Bam is a binary format, which is much faster to process. But because it is binary it is not human-readable anymore. If you’d like to see what it looks like anyway, take a peak into the .sam and .bam files using ‘less’. For the .sam file, you’re just seeing the header (the lines starting which @). If you’d like to see the actual alingment and don’t have the patience to scroll past the header, try this:
grep -v "^@" SRR10764405_aligned_reads.sam | less
We used grep before to only grab lines starting with >, here we use -v to tell it to only grab lines which do not start with @.
Next, we need to remove duplicates. Duplicates here refer to PCR replicates and optical replicates which falsely inflate the sequencing depth, affecting downstream variant calling. PCR duplicates are identical reads which result from the overamplification during PCR step of library preparation. Optical duplicates arise from sequencing machine artifacts, when a cluster is wrongly interpreted as multiple nearby clusters. We use Picard for this step. Run the following:
for file in output_files/*_sorted.bam; do
base=$(basename "$file" _sorted.bam)
java -jar /softwares/picard/build/libs/picard.jar MarkDuplicates \
I="$file" \
O="output_files/${base}_deduplicated.bam" \
M="output_files/${base}_duplication_metrics.txt" \
REMOVE_DUPLICATES=TRUE
done
We use a for loop again, and the command needs an input file (I), some information about the output file it should generate (O), as well as a metrics file (M). –REMOVE_DUPLICATES tells it to remove the duplicate reads, instead of just marking them. Check if the expected output files are generated, using ls.
We also have to index the .bam file again. This time we use samtools.

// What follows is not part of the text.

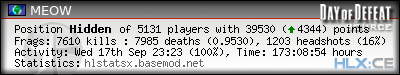 | Rank | Server | Kills | % | Ratio | Deaths | K:D | Headshots | Percentage of Headshots | % | HS:K |
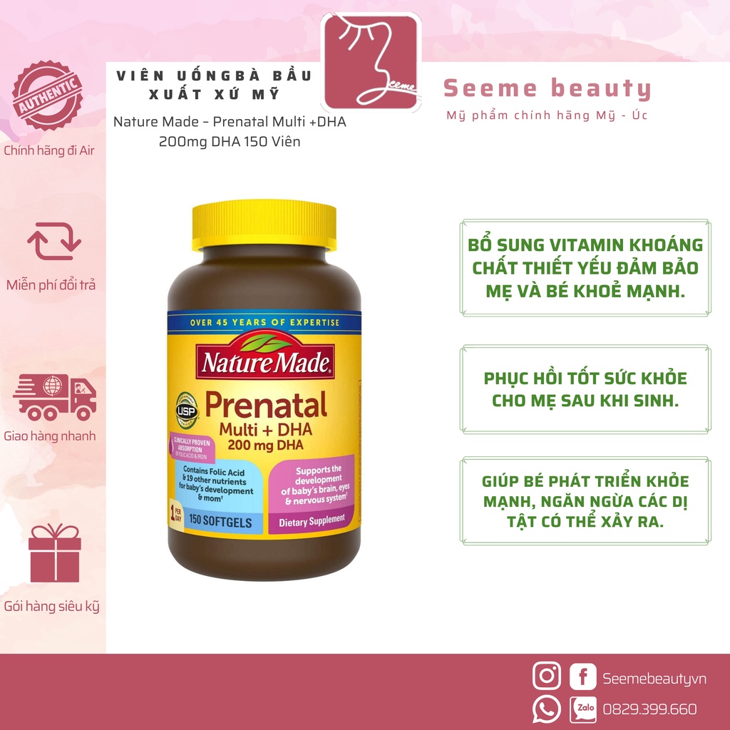 Giới thiệu [Bill Mỹ] Viên Uống Vitamin Mẹ Bầu Nature Made Prenatal Multi DHA 150 Viên SeeMe beauty VE-002

for bam in output_files/*_deduplicated.bam; do
/softwares/samtools1.12/samtools index "$bam";
done
Do ls to see what changed. You should now also have .bam.bai files.
We now have .bam files which are ready to go for downstream processing. But we haven’t really looked at the mapping quality yet. We can do so with the tool Qualimap. Run the following:
for bam in output_files/*_deduplicated.bam; do
sample=$(basename "$bam" .bam)
/softwares/qualimap_v2.2.1/qualimap bamqc \
-bam "$bam" \
-outdir output_files/qualimap_results/${sample}_qualimap \
-outformat HTML
done
It will create an bunch of files, and store them in a qualimap_results folder (note that you asked it to create this folder to put all the output files in). Download the entire folder (just like you did with the FastQC results) and look at the html file it in your browser. Because Qualimap does not embed the images in their html files (unlike FastQC), you need to download the entire folder. Take a look at the images at the bottom of the report (you can click the links on the right side of the page), especially the coverage across the reference and coverage histogram. It should look something like this:

The next step will be different from the variant filtering we’ve done for the high depth samples. Because these are low depth samples (~3X), we cannot call hard genotypes with certainty. Imagine you have a position with 2X or 3X coverage, how certain would you be this truly is homozogous if you only find 1 allele? So instead we’ll use genotype likelihoods as implemented in ANGSD. The next section deals with genotype-likelihood computation and probabilistic SNP filtering.
Housekeeping: we have created quite a few large files, and it is good practice to delete what you don’t need anymore. You could for example delete the .sam files, and the _sorted.bam files which were later deduplicated. You can remove files with
rm, but be careful! It will not ask you if you’re certain and it cannot be undone. Always keep the raw data, and keep the final .bam files as they will be needed for the variant calling.